MARYLAND   001-08896   75-2027937
(State of Incorporation)  

(Commission

File Number)

 

(I.R.S. Employer

Identification Number)

8401 North Central Expressway

Suite 800

Dallas, Texas

  75225
(Address of principal executive offices)   (Zip Code)

Registrant’s telephone number, including area code: (214) 874-2323

 

 

Check the appropriate box if the Form 8-K filing is intended to simultaneously satisfy the filing obligation of the registrant under any of the following provisions:

 

¨ Written communications pursuant to Rule 425 under the Securities Act (17 CFR 230.425)

 

¨ Soliciting material pursuant to Rule 14a-12 under the Exchange Act (17 CFR 240.14a-12)

 

¨ Pre-commencement communications pursuant to Rule 14d-2(b) under the Exchange Act (17 CFR 240.14d-2(b))

 

¨ Pre-commencement communications pursuant to Rule 13e-4(c) under the Exchange Act (17 CFR 240.13e-4(c))

 

 

 


Item 1.01. Entry into a Material Definitive Agreement

On June 1, 2011, Capstead Mortgage Corporation (the “Company”) entered into an Amended and Restated Sales Agreement (the “Original Agreement”) with Brinson Patrick Securities Corporation (the “Sales Manager”), in connection with the issuance and sale of shares of the Company’s common stock, par value $0.01 per share (“Common Stock”) and the Company’s $1.26 Cumulative Convertible Preferred Stock, Series B (the “Series B Preferred Stock”), from time to time through the Sales Manager. On February 21, 2011, the Company entered into the First Amendment to Sales Agreement with the Sales Manager (the “First Amendment” and the Original Agreement as amended, the “Sales Agreement”). The First Amendment adds a requirement that the Company furnish comfort letters from its independent accountants to the Sales Manager on a quarterly rather than annual basis. Additionally, the First Amendment extends the initial “Sales Period” through December 31, 2014. Finally, the First Amendment amends the provisions related to the Sales Manager’s commissions to allow for a commission rate mutually agreed upon in writing by the Sales Manager and the Company, not to exceed the existing compensation set forth in the Original Agreement.

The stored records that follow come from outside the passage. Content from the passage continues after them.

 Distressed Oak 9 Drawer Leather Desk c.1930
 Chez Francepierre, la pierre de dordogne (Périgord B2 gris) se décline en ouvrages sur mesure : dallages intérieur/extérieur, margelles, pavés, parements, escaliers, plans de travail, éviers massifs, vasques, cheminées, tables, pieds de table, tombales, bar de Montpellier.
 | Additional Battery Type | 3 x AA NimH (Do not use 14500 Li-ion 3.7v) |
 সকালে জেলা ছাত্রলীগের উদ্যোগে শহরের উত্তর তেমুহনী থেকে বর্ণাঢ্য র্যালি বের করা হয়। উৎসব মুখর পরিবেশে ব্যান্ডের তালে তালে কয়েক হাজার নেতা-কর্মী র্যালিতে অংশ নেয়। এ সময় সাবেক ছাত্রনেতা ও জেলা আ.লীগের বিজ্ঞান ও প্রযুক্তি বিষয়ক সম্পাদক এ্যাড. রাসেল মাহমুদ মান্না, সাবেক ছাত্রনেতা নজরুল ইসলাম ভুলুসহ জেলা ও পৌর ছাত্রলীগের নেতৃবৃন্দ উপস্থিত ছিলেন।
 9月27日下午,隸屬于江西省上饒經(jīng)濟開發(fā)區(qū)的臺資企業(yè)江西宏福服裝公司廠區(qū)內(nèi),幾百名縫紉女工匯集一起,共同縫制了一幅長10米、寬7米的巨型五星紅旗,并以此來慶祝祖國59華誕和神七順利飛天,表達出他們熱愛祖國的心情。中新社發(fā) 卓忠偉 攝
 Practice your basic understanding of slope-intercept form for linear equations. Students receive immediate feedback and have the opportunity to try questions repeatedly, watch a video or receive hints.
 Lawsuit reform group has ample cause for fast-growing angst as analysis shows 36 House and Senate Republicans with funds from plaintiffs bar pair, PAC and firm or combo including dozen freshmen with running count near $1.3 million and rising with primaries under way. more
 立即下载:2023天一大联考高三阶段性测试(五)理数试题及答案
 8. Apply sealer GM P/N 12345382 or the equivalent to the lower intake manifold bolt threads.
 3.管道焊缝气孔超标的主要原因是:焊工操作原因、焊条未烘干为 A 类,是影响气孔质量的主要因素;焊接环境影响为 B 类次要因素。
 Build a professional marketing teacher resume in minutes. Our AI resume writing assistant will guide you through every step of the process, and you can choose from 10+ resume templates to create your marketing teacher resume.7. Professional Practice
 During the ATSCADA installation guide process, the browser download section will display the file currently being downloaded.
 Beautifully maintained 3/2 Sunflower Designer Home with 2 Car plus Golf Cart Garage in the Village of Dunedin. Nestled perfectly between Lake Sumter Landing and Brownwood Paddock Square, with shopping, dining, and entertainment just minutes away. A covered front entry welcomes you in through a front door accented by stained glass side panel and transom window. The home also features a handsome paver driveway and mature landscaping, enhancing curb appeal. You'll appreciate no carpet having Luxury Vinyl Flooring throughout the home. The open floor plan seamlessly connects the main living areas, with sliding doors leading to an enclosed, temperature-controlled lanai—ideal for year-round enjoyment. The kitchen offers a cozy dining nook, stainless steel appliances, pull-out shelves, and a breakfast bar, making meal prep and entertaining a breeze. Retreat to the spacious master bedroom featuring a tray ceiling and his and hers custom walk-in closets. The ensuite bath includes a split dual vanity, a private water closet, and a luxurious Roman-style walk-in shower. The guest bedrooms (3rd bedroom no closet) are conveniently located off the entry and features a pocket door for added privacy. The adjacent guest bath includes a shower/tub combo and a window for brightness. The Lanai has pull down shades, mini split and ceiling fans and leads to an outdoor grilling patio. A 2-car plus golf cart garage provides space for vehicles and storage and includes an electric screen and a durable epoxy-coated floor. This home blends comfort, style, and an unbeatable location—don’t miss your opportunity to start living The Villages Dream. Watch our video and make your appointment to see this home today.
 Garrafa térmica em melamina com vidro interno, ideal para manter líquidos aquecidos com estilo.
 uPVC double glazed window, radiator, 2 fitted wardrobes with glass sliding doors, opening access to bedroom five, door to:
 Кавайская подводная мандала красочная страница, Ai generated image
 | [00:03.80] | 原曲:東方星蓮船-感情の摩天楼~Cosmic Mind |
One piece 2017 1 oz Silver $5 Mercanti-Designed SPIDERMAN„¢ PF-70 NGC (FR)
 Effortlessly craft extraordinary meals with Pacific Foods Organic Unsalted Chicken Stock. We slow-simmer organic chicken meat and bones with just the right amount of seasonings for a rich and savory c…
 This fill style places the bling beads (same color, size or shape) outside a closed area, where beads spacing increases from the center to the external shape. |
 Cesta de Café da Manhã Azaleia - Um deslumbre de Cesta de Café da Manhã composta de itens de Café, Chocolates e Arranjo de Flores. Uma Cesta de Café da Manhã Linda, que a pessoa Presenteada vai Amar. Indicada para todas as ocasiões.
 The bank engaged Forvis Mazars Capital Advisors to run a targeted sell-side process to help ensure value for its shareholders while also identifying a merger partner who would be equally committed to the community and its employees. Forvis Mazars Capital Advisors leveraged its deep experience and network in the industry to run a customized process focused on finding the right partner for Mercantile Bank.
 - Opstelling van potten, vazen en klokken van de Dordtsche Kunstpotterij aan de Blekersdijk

The foregoing summary is qualified in its entirety by reference to the First Amendment attached hereto as Exhibit 10.1 and incorporated herein by reference.

Item 8.01. Other Events.

Reference is hereby made to the registration statement of the Company on Form S-3/ASR (File No. 333-179607), which became effective on February 21, 2012 (the “Registration Statement”), pursuant to which the Company registered the sale of debt and equity securities in accordance with the provisions of the Securities Act of 1933, as amended. Reference is also hereby made to the prospectus and the two related prospectus supplements, which were filed with the Commission pursuant to Rule 424(b)(5) on February 23, 2012 with respect to 15,000,000 shares of Common Stock and 1,495,548 shares of Series B Preferred Stock to be sold pursuant to the Sales Agreement.

On February 23, 2012, Hogan Lovells US LLP issued its opinion with respect to the legality of the issuance and sale by the Company of an additional 15,000,000 shares of the Company’s Common Stock and an additional 1,495,548 shares of Series B Preferred Stock to be sold pursuant to the Sales Agreement. Copies of each of these opinions are filed as exhibits to this Form 8-K.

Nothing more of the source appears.